This recipe includes lots of tips and extra detail to help new cooks produce light and fluffy pancakes the first time and every time. Don’t worry, pancakes are as easy as pie – hey wait, pancakes are "way easier" than pie. You’ll learn how to make them in no time.
"Sweet milk" is what regular milk is called, distinguishing it from buttermilk or sour milk. If you like the flavor and lightness of buttermilk pancakes but are out of buttermilk, just add a tablespoon of vinegar or lemon juice to a cup of sweet milk. This is called "soured milk". If you have extra buttermilk on hand and are looking to use it up, check these recipes calling for buttermilk.
I’ve made pancakes with 100% white whole wheat flour.

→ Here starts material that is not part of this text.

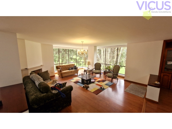 VENTA APARTAMENTO EN LA CALLEJA, Usaquén. esquinera y con excelente vista al campo del Country Club. Piso 4 por ascensor, son 220 m2 y cuenta con espacios separados de sala, comedor y estudio abierto con biblioteca. Chimenea a gas. Cómoda Cocina integral cerrada, muy buen almacenamiento; lavandería independiente, ventilada e iluminada. Sus tres habitaciones con muy buenos espacios y closets, tres baños completos más el baño social. Pisos laminados en general y mármol en corredor. Además, en sótano Parqueadero doble en línea y depósito. Edificio multifamiliar de más de 25 años, con 7 pisos y 14 apartamentos en total. Cuenta con salón social, terraza con parrilla y Vigilancia 24 con CCTV. En zona residencial muy tranquila, acceso a comercio muy variado por la cll 127, y a minutos de supermercados de cadena, centros comerciales, zona de restaurantes, clínicas y amplia gama de servicios médicos y financieros. A minutos de la Avenida 19, autopista, Cll 127 y 134 con excelente transporte público.
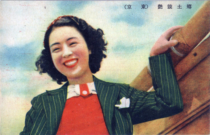 Nohonshugi (“agrarian fundamentalism”) propaganda postcard, c. 1940, captioned “郷土競艷” [“Bewitching beauty of the local area”]. Nohonshugi was first formulated as an ideology in the Meiji Period as a reaction against attempts to promote industry and commerce at the expense of agriculture. Romanticized by militant nationalists, who denounced industrialization, bureaucratization, and the “invasion” of Japan by foreign cultures, the movement in the 1930s became absorbed into the overall nationalist ideology and kokutai [“national essence”] that opposed the earlier liberal “Taisho democracy” of the 1920s.

It works fine but do add another tablespoon or two of milk and know that the color will be slightly off.
My mother always used dried milk powder to make the milk. Just mix 1/3 dried milk powder into 1 cup of water.
No pancake griddle? Use two or three skillets at once, two pancakes per skillet.

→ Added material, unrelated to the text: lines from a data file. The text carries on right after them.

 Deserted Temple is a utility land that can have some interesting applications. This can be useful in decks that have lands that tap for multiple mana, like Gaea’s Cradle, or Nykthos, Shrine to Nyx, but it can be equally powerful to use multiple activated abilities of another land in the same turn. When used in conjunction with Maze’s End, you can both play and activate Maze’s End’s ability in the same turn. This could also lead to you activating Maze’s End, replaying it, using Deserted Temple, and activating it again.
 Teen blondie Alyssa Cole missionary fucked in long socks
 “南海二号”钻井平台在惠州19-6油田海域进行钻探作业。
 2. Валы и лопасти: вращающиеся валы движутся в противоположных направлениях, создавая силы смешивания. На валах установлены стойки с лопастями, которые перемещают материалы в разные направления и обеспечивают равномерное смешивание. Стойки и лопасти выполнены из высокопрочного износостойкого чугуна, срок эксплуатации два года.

If you like, transfer the pancakes onto a serving platter to keep warm in the oven. That said, really, there’s nothing like the fluffiness of a pancake straight from the skillet so maybe on Pancake Night, people need to eat in shifts!
If the skillet’s not hot enough at first, the first one or two pancakes will look pale but taste fine.
Hot plates keep pancakes hotter! Two of my favorite cooks insist on warming plates in the oven and I’m beginning to see the light. Before making the pancake batter, put the plates in the oven on the lowest-possible temperature. Be careful – chances are, you’ll need a hot pad to remove the plates.
MOM’s PANCAKE RECIPE
Time to table: 20 minutes
Makes 9 medium pancakes
- 1 large egg
- 1 cup buttermilk or 1 cup "sweet milk" (see TIPS)
- 2 tablespoons oil (vegetable, canola, coconut or another neutral oil, that means no olive oil)
- 1 cup all-purpose flour, fluffed to aerate before measuring or 125g
- 2 tablespoons sugar
- 1/2 teaspoon table salt
- If using buttermilk, 1 teaspoon baking soda
- If using sweet milk, 2 teaspoons baking powder
- Oil or butter for the griddle or skillet, just a touch
In a medium bowl, use a wire whisk or a fork to whisk the egg until frothy. Whisk in the buttermilk or milk and the oil. Measure the flour, sugar, salt and baking soda or baking powder onto the top of the egg mixture but don’t mix them in. Then, with a fork, mix these ingredients together, just by fluffing them around a bit, but still without incorporating into the egg mixture. Now whisk the flour mixture into the egg mixture, but just until combined. Don’t worry if some bits of flour are visible, better to not overmix.
While mixing the pancake batter, heat the griddle or a large skillet on medium heat. (If using a nonstick electric griddle, set at 325F/160C.) Lightly brush with just a little oil or butter. When the fat is hot (it should sizzle when drops of water are flicked off your fingertips into the skillet), fill a quarter-cup measure and drop onto the griddle, spreading the batter a little if it doesn’t flatten out by itself. Repeat until the griddle is full, leaving space between the pancakes to allow for spreading.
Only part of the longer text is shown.